### Input for this task
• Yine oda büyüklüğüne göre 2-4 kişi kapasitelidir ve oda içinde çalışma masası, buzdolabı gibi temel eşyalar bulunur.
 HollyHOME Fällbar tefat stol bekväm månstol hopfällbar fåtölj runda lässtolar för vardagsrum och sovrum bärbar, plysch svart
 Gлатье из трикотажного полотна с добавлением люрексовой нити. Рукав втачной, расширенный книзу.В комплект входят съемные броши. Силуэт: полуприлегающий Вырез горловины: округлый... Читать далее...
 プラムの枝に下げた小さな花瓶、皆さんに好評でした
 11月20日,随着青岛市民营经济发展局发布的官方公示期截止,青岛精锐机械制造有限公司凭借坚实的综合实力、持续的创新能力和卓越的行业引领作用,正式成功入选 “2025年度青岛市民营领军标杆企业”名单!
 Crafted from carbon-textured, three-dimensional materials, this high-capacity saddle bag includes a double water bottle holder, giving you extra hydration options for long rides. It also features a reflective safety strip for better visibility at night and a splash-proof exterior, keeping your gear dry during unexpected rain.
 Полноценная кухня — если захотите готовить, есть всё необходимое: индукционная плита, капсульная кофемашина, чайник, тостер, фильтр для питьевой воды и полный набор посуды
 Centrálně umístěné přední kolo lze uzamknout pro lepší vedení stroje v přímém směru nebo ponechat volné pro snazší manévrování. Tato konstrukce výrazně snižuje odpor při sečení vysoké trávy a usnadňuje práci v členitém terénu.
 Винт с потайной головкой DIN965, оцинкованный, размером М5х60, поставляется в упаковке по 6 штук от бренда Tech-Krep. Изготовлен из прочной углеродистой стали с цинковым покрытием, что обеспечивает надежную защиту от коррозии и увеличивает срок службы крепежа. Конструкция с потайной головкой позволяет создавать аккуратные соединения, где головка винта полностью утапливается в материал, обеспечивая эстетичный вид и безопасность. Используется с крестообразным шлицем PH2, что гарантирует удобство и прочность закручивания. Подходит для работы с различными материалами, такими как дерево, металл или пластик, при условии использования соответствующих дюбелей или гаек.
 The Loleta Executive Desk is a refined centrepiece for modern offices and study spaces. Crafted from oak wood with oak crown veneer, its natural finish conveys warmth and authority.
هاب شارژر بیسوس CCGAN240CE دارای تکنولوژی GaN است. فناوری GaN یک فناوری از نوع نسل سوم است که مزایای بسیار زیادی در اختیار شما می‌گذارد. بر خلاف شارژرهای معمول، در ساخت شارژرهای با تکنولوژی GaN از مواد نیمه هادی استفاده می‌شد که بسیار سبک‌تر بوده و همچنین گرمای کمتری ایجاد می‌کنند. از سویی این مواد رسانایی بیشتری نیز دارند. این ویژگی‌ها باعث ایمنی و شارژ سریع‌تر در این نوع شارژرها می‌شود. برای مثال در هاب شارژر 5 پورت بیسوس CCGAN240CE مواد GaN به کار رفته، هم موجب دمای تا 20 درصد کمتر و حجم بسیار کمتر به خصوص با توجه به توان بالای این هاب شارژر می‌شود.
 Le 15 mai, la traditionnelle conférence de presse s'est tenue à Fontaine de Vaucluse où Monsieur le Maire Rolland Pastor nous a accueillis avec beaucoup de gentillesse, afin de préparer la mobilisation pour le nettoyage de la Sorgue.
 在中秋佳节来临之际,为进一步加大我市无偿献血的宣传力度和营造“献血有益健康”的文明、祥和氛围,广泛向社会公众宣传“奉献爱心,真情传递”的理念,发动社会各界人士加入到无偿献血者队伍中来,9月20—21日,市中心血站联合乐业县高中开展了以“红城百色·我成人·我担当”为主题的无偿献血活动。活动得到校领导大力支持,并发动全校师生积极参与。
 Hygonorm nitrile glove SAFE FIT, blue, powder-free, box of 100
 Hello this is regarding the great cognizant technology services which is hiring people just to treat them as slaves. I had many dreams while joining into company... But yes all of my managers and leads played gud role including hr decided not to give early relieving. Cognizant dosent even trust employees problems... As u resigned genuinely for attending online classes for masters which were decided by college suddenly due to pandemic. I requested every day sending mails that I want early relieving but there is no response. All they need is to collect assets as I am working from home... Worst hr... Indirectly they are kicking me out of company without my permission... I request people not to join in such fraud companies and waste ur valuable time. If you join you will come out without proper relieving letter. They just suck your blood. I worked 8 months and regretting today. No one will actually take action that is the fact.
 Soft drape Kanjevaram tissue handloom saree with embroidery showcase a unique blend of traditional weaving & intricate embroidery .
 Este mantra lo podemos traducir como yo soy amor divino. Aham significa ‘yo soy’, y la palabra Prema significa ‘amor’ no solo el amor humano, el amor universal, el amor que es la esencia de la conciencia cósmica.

### What you should do
Return exactly the opening lines of the listing above, ending with the line that has "HollyHOME Fällbar tefat".

### Worked solution
• Yine oda büyüklüğüne göre 2-4 kişi kapasitelidir ve oda içinde çalışma masası, buzdolabı gibi temel eşyalar bulunur.
 HollyHOME Fällbar tefat stol bekväm månstol hopfällbar fåtölj runda lässtolar för vardagsrum och sovrum bärbar, plysch svart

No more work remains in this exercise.